Unprogrammed space, like unprogrammed time, allows for creative freedom. For Alessandro Orsini and Nick Roseboro of the studio Architensions, that freedom is born when we shelve modern sensibilities around the separation of work and play. “The creation of spaces and programs for free time—such as the park and the stadium—speak about the artificial institution of division in the urban context,” they wrote in a 2022 essay called “Log-in Labor, Log-in Leisure.” The pair proposes reorganizing our homes and cities based on Dutch cultural theorist Johan Huizinga’s principles of play in his 1938 book Homo Ludens, which posits that play should be organized but free, and not done solely to create something physical and of value.

It’s not a bad idea. My parents wouldn’t like to hear that I grew up around power tools—but in my grandpa’s workshops, those tools were their medium for play. Did they ever produce things of “value” in their garages? Maybe, but that certainly wasn’t the point. Classic cars, refurbished table legs, and a semi-functional trebuchet came into existence in those entropic spaces. The end result was always second in importance to figuring out how to make it.

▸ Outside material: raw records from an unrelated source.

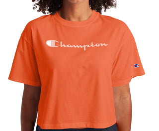 Champion Women's Logo Cropped T-Shirt Orange Size X-Small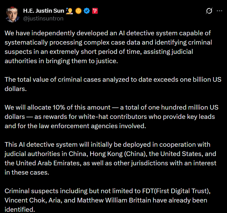 The initiative is being implemented in cooperation with the judicial authorities of China, Hong Kong, the United States, and the United Arab Emirates. It is planned to expand to other countries that show interest. Sun said that the system has already helped identify a number of suspects, including FDT (First Digital Trust), Vincent Chok, Aria, and Matthew William British.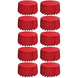 REWOMC 10 Pack Round Tablecloths - 120 Inch Red Polyester Cover for Round Tables, Stain and Wrinkle Resistant Washable Fabric Cloth for Wedding Banquet Parties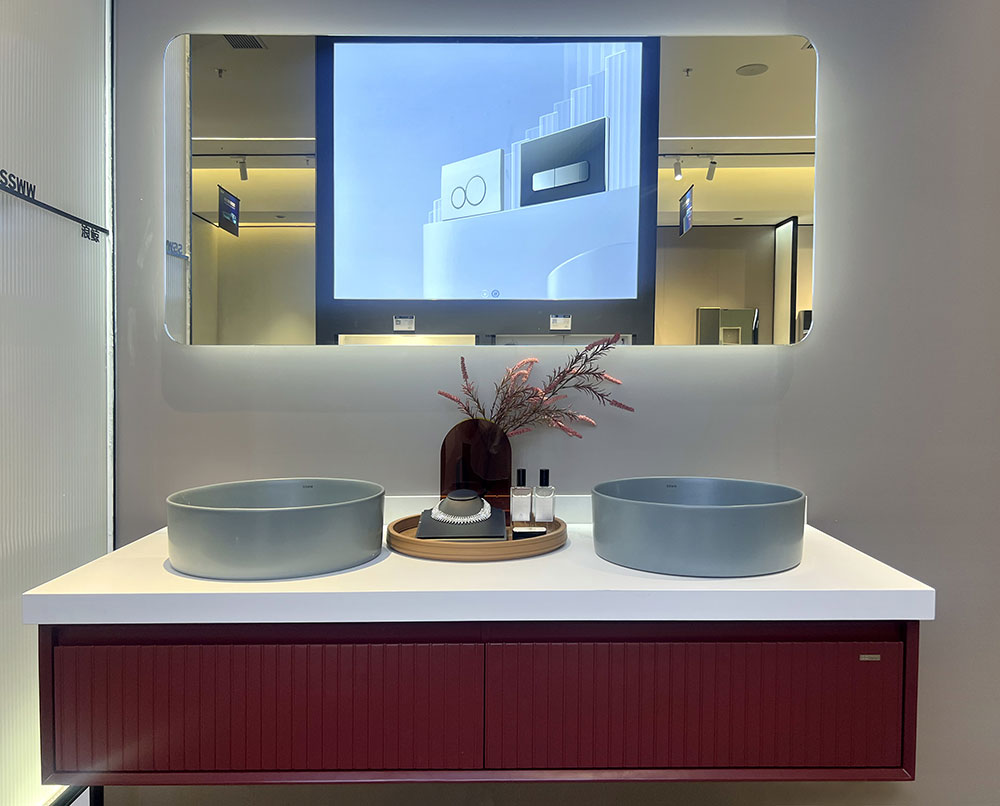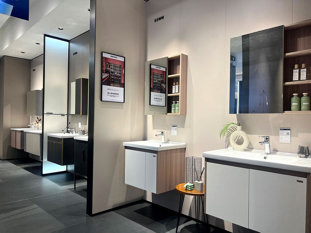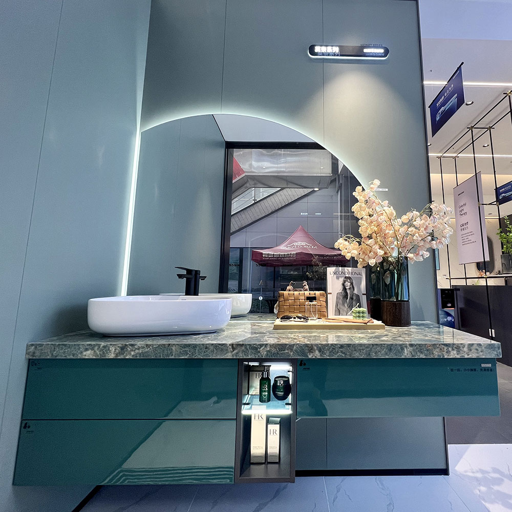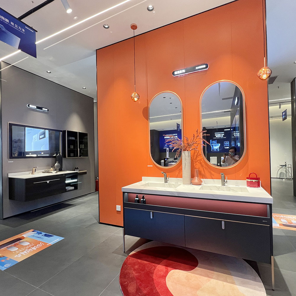 定制区域的产品展示也成为一大亮点之一。活力橙、祖母绿、复古红、孔雀蓝,以及充满森活气息的木纹系列定制浴室柜,富有记忆点的色彩极具冲击力。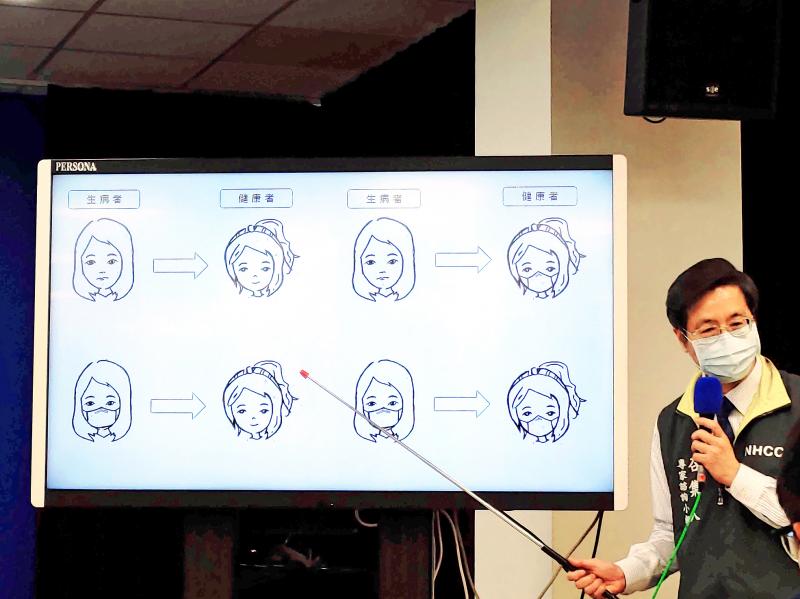 “Many people have asked why several confirmed cases in Taiwan did not spread the virus to other people,” Chang said, pointing to an illustration depicting a healthy person and an infected person interacting in possible scenarios.
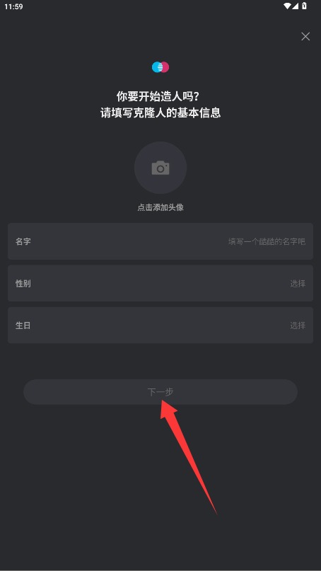 4、按要求上传头像照片,填写克隆人姓名、性别等必要信息,完成填写后点击下一步。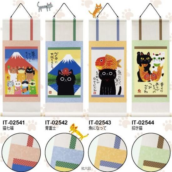 ●和風、洋風どちらのお部屋にもぴったりなモダンなミニミニ掛け軸が新登場!猫たちが幸せを呼び込みます。

In garages, ephemerality often accompanies entropy. Flexible architecture invites people to mold their spaces to fit their lifestyles—which may not adhere to a floor plan, furniture layout, or traditional definitions of domestic space. Andrés Jacque’s architectural performance series “Ikea Disobedients” (2011–12) underscores this reality. Carried out on a set of a residential interior built with objects from Ikea—whose advertisements have historically depicted the home as sunny, apolitical spaces for primarily young, blond, healthy families who either have children or are about to—the project, first performed in Madrid, hosted live, public conversations and activities by local community members that were typically done in private. In showing how the normative behaviors associated with living spaces aren’t necessarily followed by everyone, the performances celebrate alternative models of domesticity and the areas that allow for it.

Our homes ought to allow for more subtle forms of self-expression, too. My dad’s garage isn’t augmented to the degree that my grandpas’ were, but there are still things about it that speak to me about who he is. Inside, band and concert posters cover nearly every inch of drywall, a blank slate for his own embellishing. They’re the first thing that greets me as I arrive home (and enter through the garage, of course), and they help me understand my dad’s relationship with a community of music junkies.

Among the posters is a set of old nylon fold-out camping chairs. While unassuming, these seats are crucial to many midwestern households. When thunderstorms come through in spring and early summer (provided that there aren’t any sirens, and that the beloved Nebraska weatherman Bill Randby isn’t on TV), the garage momentarily transforms into a storm-viewing deck for watching the rain and wind roll through. Once the storm passes, the garage goes back to being unprogrammed until it needs to be something else: a movie theater, a practice space, a workshop, or whatever we want it to be.